Please, when you send questions involving fractions, PARENTHESIZE.

3-2x/5x+1  could mean:
   2x
3 - -- + 1
   5x

I don't think you meant that; I think you meant to write:

(3-2x)/(5x+1)

which is the way to write it.

.........................
These look like four separate questions, but the routine is the same in each case, although details might vary:

1. Write the function as  y = f(x).
2. Swap  the letters  x and y.
3. Solve for  y in terms of x.  That's your inverse function, IF IT EXISTS.

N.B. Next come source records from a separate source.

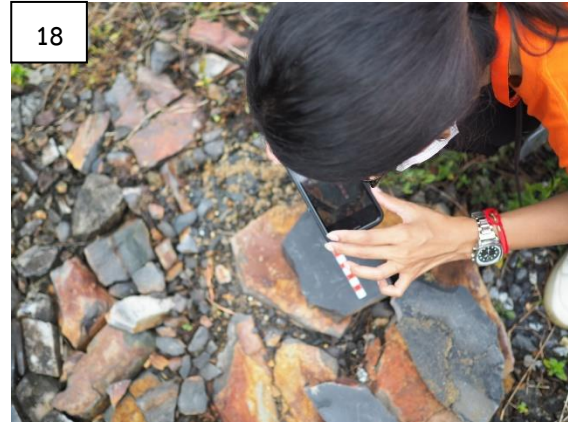
รูปที่ 15-18 ฝึกปฏิบัติการภาคสนาม การเก็บข้อมูลเบื้องต้นและวิธีสังเกตซากดึกดำบรรพ์ ณ แหล่งซากดึกดำบรรพ์ แกรบไต่ไลต์บ้านวังหอน อำเภอชะอวด จังหวัดนครศรีธรรมราช

3. แหล่งซากดึกดำบรรพ์เขาพนมเขียด อำเภอร่อนพิบูลย์ จังหวัดนครศรีธรรมราช (รูปที่ 19-22) พิกัด UTM : 593240 E 902346 N ลักษณะภูมิประเทศเป็นหน้าผาหินปูน มีร่องรอยการทำเหมือง พบซากดึกดำบรรพ์นอตลอยต์ในหินปูนเนื้อดิน สีเทา จัดอยู่ในหมวดหินรังนก กลุ่มหินทุ่งสง ยุคออร์โดวิเซียน ตามแผนที่ธรณีวิทยา มาตรฐาน 1:50,000 ระวัง 4925 II อำเภอร่อนพิบูลย์
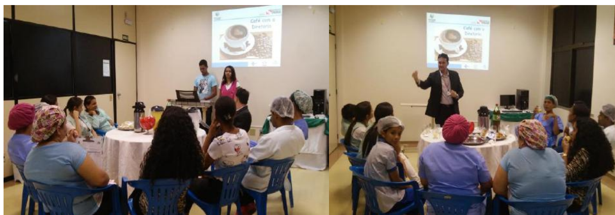
Diretor Executivo e os colaboradores no encontro Café com Diretoria
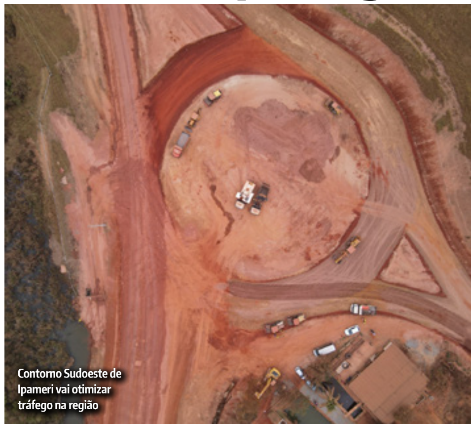
Contorno Sudoeste de Ipameri vai otimizar tráfego na região

Para além dos aprimoramentos socioeconômicos, a obra também foi planejada para dar fluidez ao tráfego do perímetro urbano da cidade, conferir celeridade a viagens de grandes distâncias e promover economia de combustível a todos os usuários, que também serão beneficiados com menor tempo de percurso.
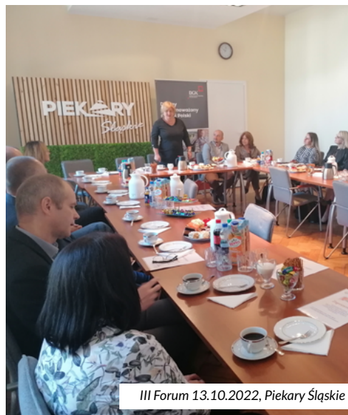
III Forum 13.10.2022, Piekary Śląskie

You have to make sure it does, and that might involve some tricky stuff about the domain and range, but maybe we won't have to.


1.  F(x)=2x-7
Write  y = 2x - 7
Swap:  x = 2y - 7
Solve: x + 7 = 2y
    x + 7
y = -------
      2
That's the inverse.
........................
2. f(x)= (3-2x)/(5x+1)

Write:  y = (3-2x)/(5x+1)
Swap:   x = (3-2y)/(5y+1)
Solve:

5xy + x = 3 - 2y
5xy + 2y = 3 - x
y(5x + 2) = 3 - x

y = (3 - x)/(5x + 2)
.....................

3. f(x) = 3/2x^3+1?

I am going to assume you mean  f(x) = (3/2)x^3 + 1

Write:  y = (3/2)x^3 + 1
Swap:   x = (3/2)y^3 + 1
Solve:  x - 1 = (3/2)y^3

    y^3 = 2(x - 1)/3
    y = [2(x - 1)/3]^1/3 or
    y = cuberootof(2(x - 1)/3)


4. f(x)=3x+4

I'll leave this one to you -- it is the same as example 1 with different numbers.